Em seu estudo, a Organização das Nações Unidas conclui que o envolvimento dos próprios homens no combate ao feminicídio é um “aspecto crucial” para enfrentar o assassinato de mulheres. A ONU propõe o desenvolvimento de “normas culturais que se afastem da masculinidade violenta e dos estereótipos de gênero”, além da “educação precoce de meninos e meninas, que promova a igualdade de gênero e ajude a quebrar os efeitos negativos dos papéis de gêneros estereotipados”. É uma solução que envolve toda uma sociedade, toda uma cultura, todo um combate a uma herança cultural patriarcal que coloca o homem como proprietário do corpo da mulher que se casa com ele, ou que o escolhe como namorado ou companheiro. É um processo de cura de relacionamentos doentes, em que a mulher possui obrigações que lhe são impostas desde a casa dos pais até a casa em que vive com o marido e filhos. Obrigações morais que não são impostas aos homens, obrigações de tarefas que “não cabem” aos maridos, quando se vive sob um teto machista, que passa de geração em geração.

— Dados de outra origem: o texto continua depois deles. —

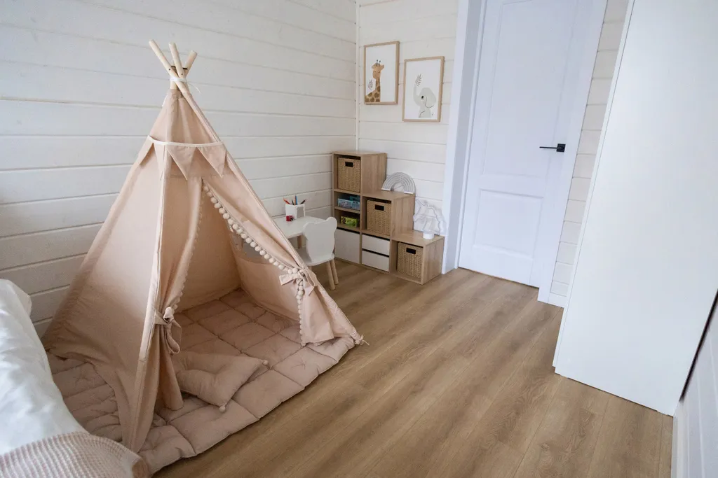 - В детской зоне есть стол и стульчик, вигвам и стеллаж с игрушками для наших маленьких гостей.
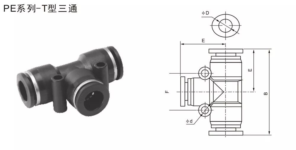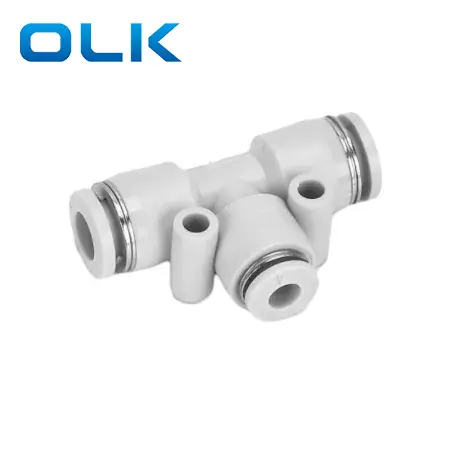 Pusat tee PE Union dalam pemasangan tabung adalah pemasangan berbentuk T yang digunakan untuk membagi atau menggabungkan aliran udara dalam sistem pneumatik.
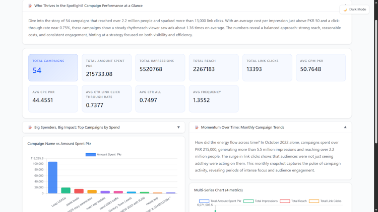 The software features a comprehensive suite of analytical capabilities centered around its core functionalities. Smart Ask allows users to query data in plain English, receiving instant analysis without technical syntax requirements. The Fusion Intelligence Core combines multiple AI models, including OpenAI and Gemini, to deliver analytical results. For visualization and reporting, EasyAIBridge offers auto-generated charts, tables, and insights that can be exported in multiple formats including PDF, HTML, Excel, and CSV. The Smart Extract feature enables users to pull specific data subsets with accompanying AI analysis, while Gap-Filling Intelligence uses domain knowledge to infer missing metrics when data is incomplete. The platform also includes Portable BI functionality, allowing users to combine multiple dashboards into shareable consolidated views while preserving filters, styles, and dual-axis scales.
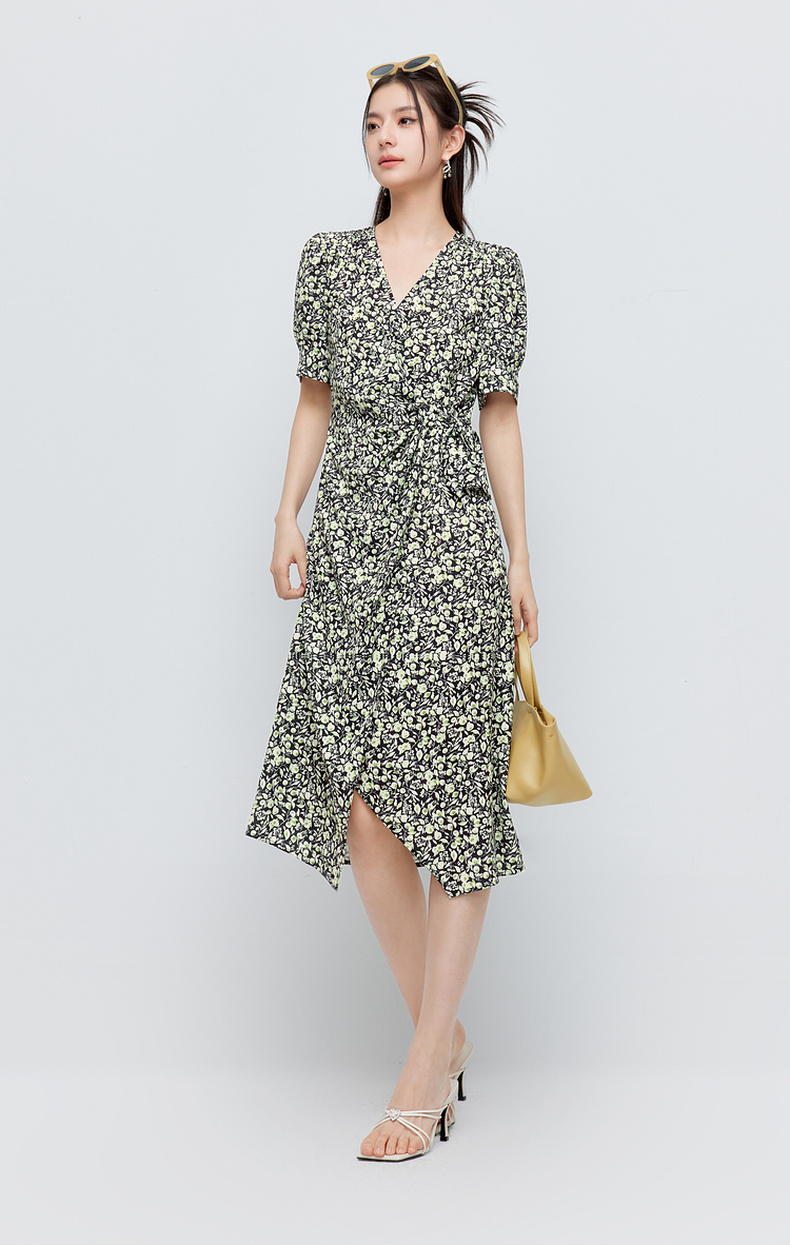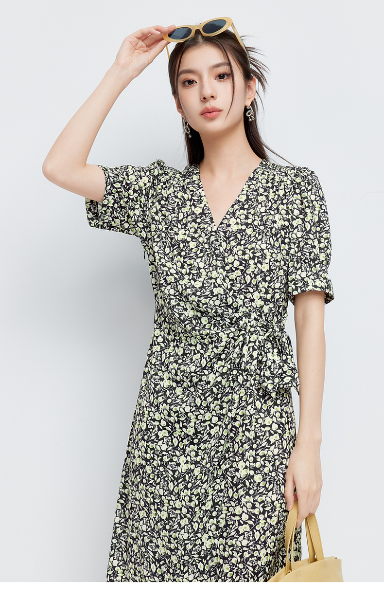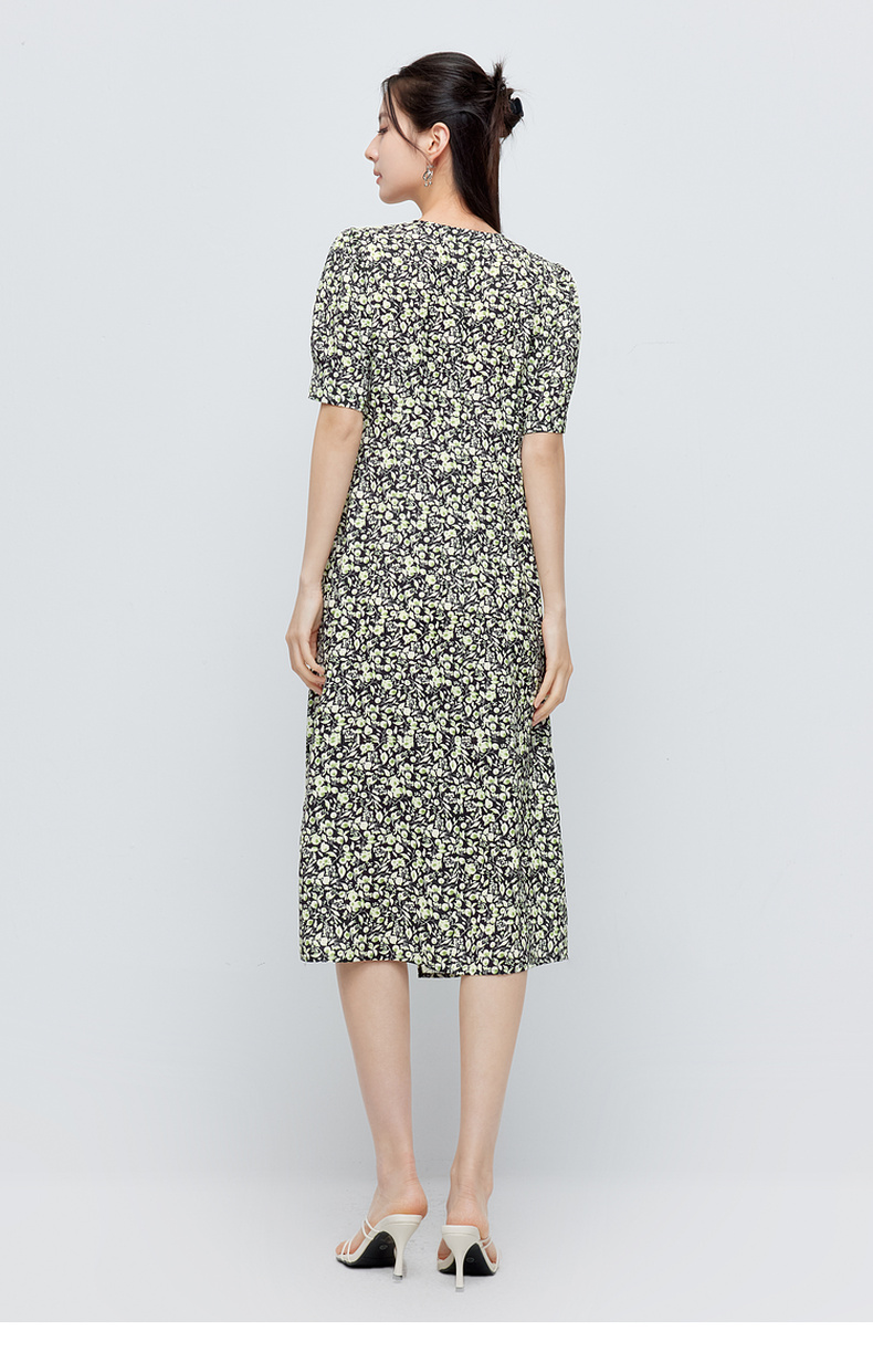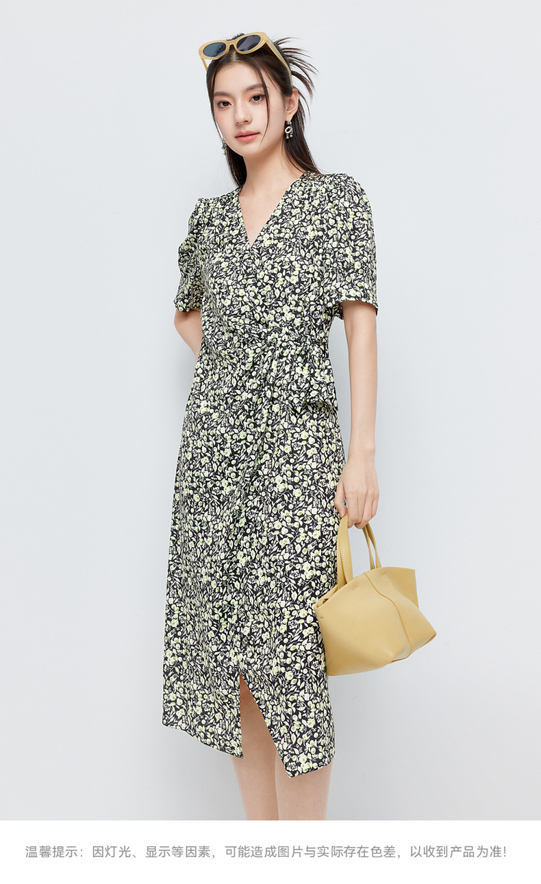 【商场同款】诗凡黎v领碎花连衣裙2024夏新款漂亮中长裙3F4290241

Relatórios como esse da ONU, que escancaram números que assustam, de nada valem se não servirem de alerta para formadores de opinião, educadores, médicos, que lancem mão dos dados para ajudar a mudar histórias. É obrigação de todos que entendem a gravidade desses números fazer a sua parte para poupar vidas, espalhar respeito, fazer a sociedade perceber que núcleos familiares que matam suas mulheres estão fadados ao sofrimento crescente e eterno.

Como parte do enfrentamento do problema, a Organização das Nações Unidas lançou a campanha “Dezesseis dias de Ativismo pelo Fim da Violência contra as Mulheres”, que se estenderá até o Dia Internacional dos Direitos Humanos, em 10 de dezembro. Como parte do programa, as mulheres serão incentivadas a desabafar e denunciar casos de machismo de que sejam vítimas em todo o mundo. A chefe da ONU Mulheres, a sul-africana Phumzile Mlambo-Ngcuka, que também é subsecretária-geral das Nações Unidas, afirma que a campanha “é um chamado para ouvir e acreditar nas sobreviventes, colocar fim à cultura de silêncio e ao questionamento da credibilidade da vítima”. Todo apoio à campanha da ONU. Já é hora de não se aceitar mais a culpabilização da vítima!